The present invention relates to multicasting in a communications network and, more particularly, to a method and apparatus for port memory multicast cell tracking in common memory switches for use in an asynchronous transfer mode (ATM) network.
ATM networks pass data in the form of cells. The cells, which are of fixed size, pass through one or more switches on the way to a specified destination that may be another switch, a terminal, or some other component in the network. An individual cell may need to be sent to several different destinations in the network from a single switch.
For purposes of this discussion, the term "multicasting" refers to the distribution of a cell to multiple destinations. When multicasting, an individual cell is copied in a switch, and the copies are sent to multiple destinations from the switch. In a common memory switch, the cell copying operation can be efficiently achieved by storing the cell in memory and generating multiple copies of the cell memory location (the cell address). Each copy of the cell address is stored at an output queue of the switch. A count memory stores a count of the number of copies of the cell made and transmitted. As copies of the cell exit the switch, the count in the count memory decrements. When the last cell copy is transmitted, the value of the count in the count memory is zero. At this point the address can be reused for another cell and is returned to a list of free memory locations.
One known multicast cell counting implementation uses a single memory to count the cell copies exiting the switch. FIG. 1 is useful for discussing the single memory multicast count implementation. This implementation requires several memory operations to track cell copies. The cell count value (ie., the number of copies of the cell to be transmitted) is written to the memory 10 on enqueue, i.e., when a cell enters the switch (step 12). When a cell leaves the switch, the cell count value is read (step 14) from the multicast count memory and decremented (step 16). The decremented count value is then written to and stored in the multicast count memory (step 18). A cell count value of zero indicates all cell copies have been transmitted from the switch to the intended destinations.
This approach thus requires three memory accesses on the memory per cell cycle. For purposes of this discussion, a cell "cycle" is the enqueuing of a single cell to a switch and the dequeuing of that cell from the switch. Since three memory accesses are performed for each cell cycle, the memory must function three times as fast as the cell rate. This performance requirement for the memory greatly limits the types of memory that can successfully perform the task of multicast counting in high capacity common memory switches. Generally, only small, fast memories are capable of supporting this implementation. This limits the capacity of the switch or restricts the number of memory locations that can be used for multicast cells, as the multicast counting operation is the most demanding (in terms of memory bandwidth) in a common memory switch.

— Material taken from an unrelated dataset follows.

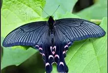 大二尾蛱蝶两翅正面黑色,中域有一浅绿色大型宽带纹,两翅反面浅绿色,中域有一缀黑边的褐色弧纹,亚外缘还有一深褐色横纹,后翅各有尾突两条,…全部>>
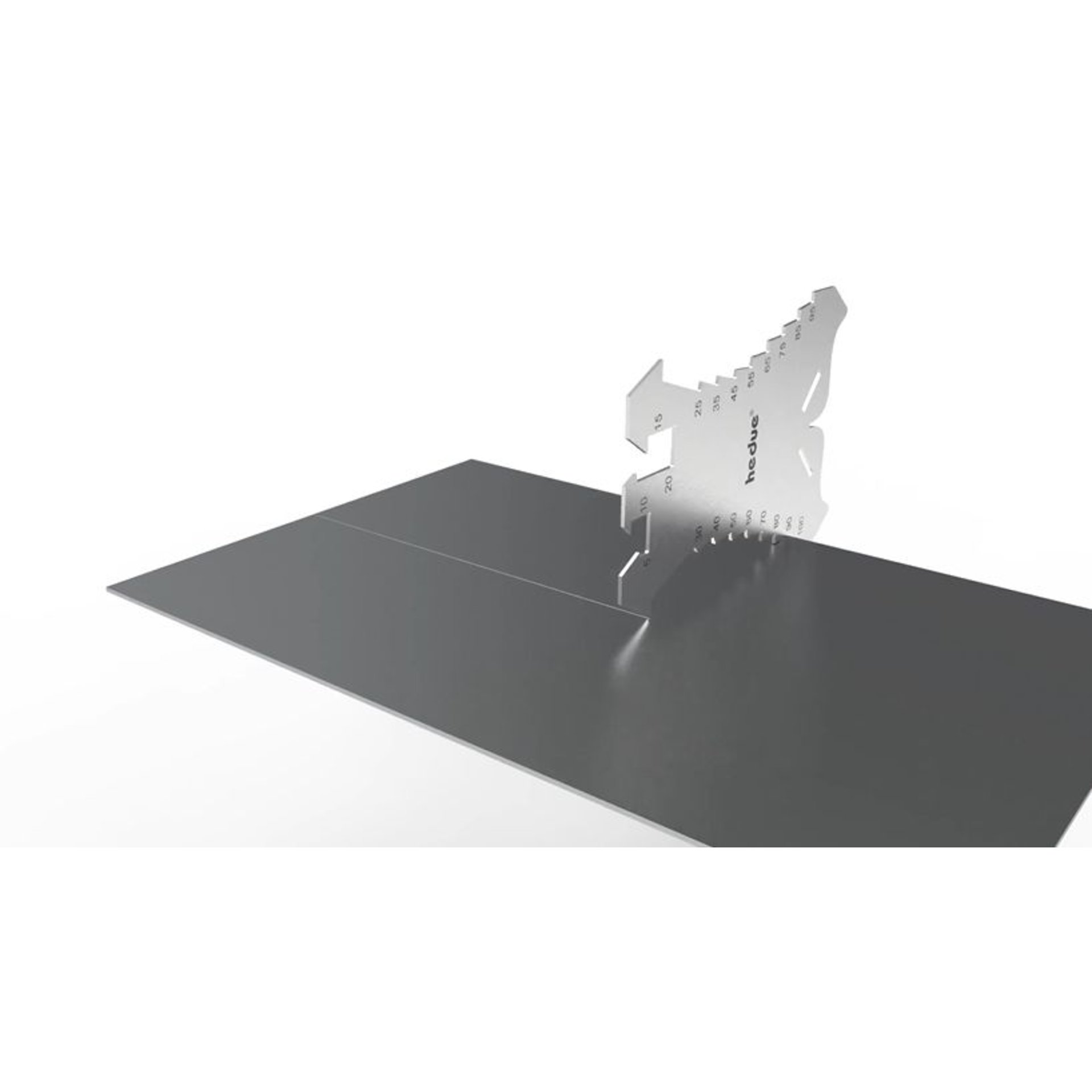 Anreißschablone für Dachdecker, Klempner und Spengler mit 20 Anschlagkanten von 5 bis 100 mm.

Another known cell counting implementation is disclosed and claimed in U.S. patent application Ser. No. 08/994,792, titled "Method and Apparatus for Banked Multicast Common Memory Switches" and filed on Dec. 19, 1997, which is hereby expressly incorporated by reference. In this implementation, two separate memories are used to count cell copies to be transmitted, resulting in a reduced number of memory accesses per memory per cycle. While this approach is an improvement over the single memory implementation, it can not dequeue cells at the full rate when commercial L2 cache memory and banking techniques are used.
It is, therefore, desirable to provide a method and apparatus for multicasting incorporating a cell tracking strategy having a reduced number of per-memory accesses and capable of cell dequeue rates that permit use of commercial memories.